GIVEN MATERIAL

┄┄┄┄┄┄┄┄┄┄┄┄┄┄┄┄┄┄┄┄

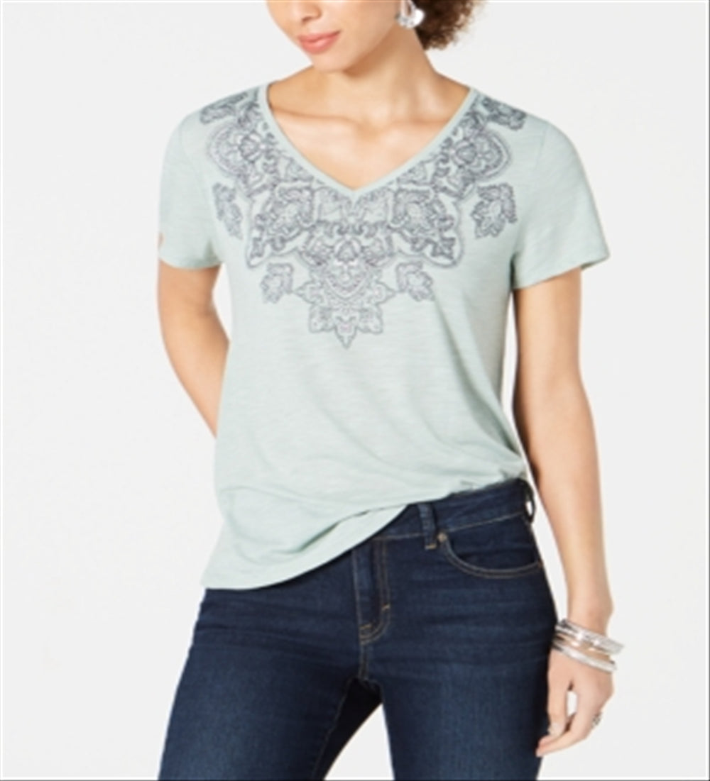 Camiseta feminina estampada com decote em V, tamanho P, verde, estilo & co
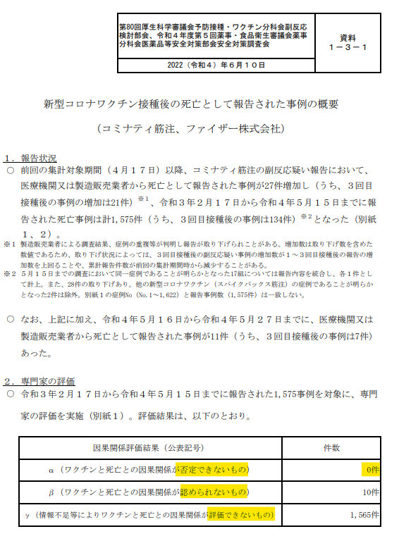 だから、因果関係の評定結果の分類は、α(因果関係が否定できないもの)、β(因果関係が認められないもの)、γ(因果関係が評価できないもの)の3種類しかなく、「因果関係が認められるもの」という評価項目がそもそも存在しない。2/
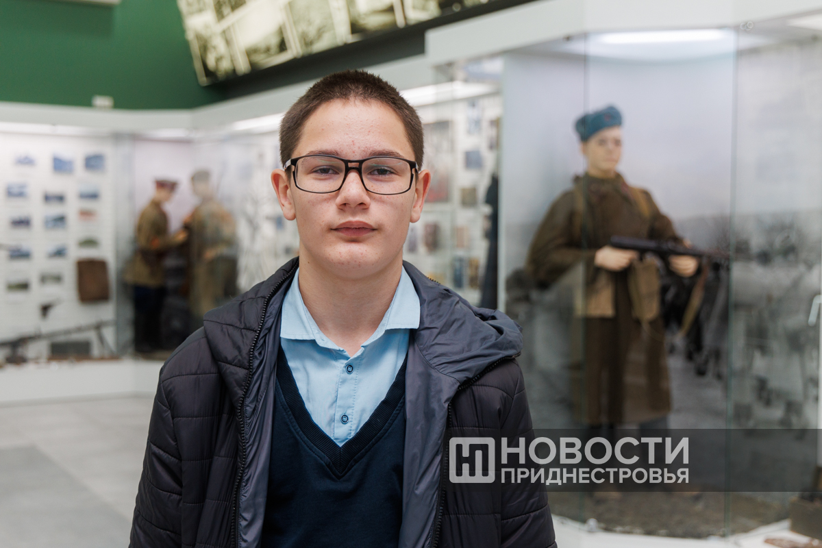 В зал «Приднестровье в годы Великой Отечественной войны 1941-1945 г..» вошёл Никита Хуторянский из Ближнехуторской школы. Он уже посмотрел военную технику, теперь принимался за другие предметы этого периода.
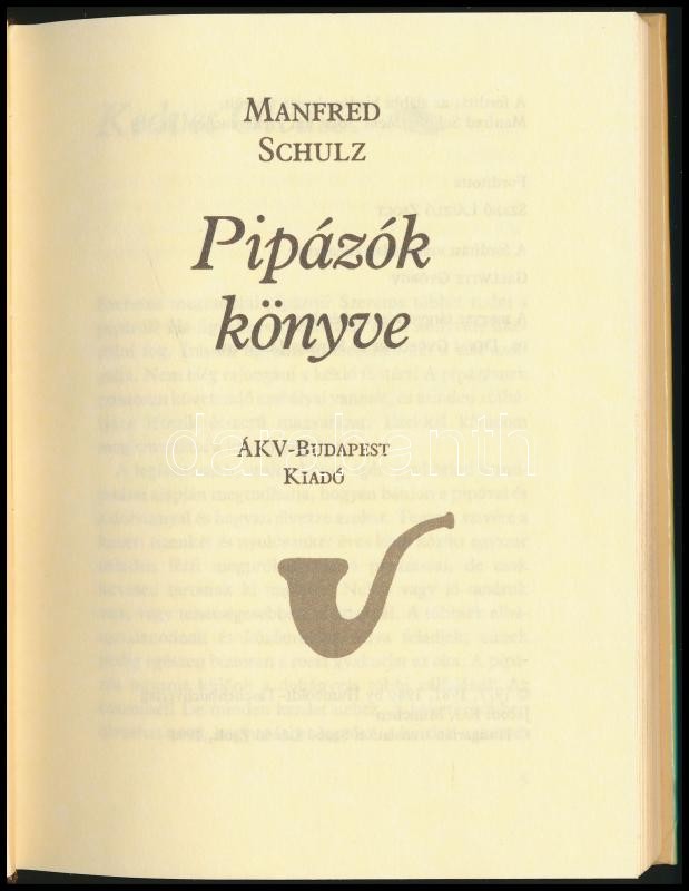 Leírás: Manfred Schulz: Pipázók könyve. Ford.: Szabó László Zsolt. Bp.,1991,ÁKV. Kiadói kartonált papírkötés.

┄┄┄┄┄┄┄┄┄┄┄┄┄┄┄┄┄┄┄┄

EXERCISE GOAL
Here the lines from the one with "предметы этого периода." through the last line of the data above need to be repeated exactly, both included, and any picture omitted.

OUTPUT BELOW
 В зал «Приднестровье в годы Великой Отечественной войны 1941-1945 г..» вошёл Никита Хуторянский из Ближнехуторской школы. Он уже посмотрел военную технику, теперь принимался за другие предметы этого периода.
 Leírás: Manfred Schulz: Pipázók könyve. Ford.: Szabó László Zsolt. Bp.,1991,ÁKV. Kiadói kartonált papírkötés.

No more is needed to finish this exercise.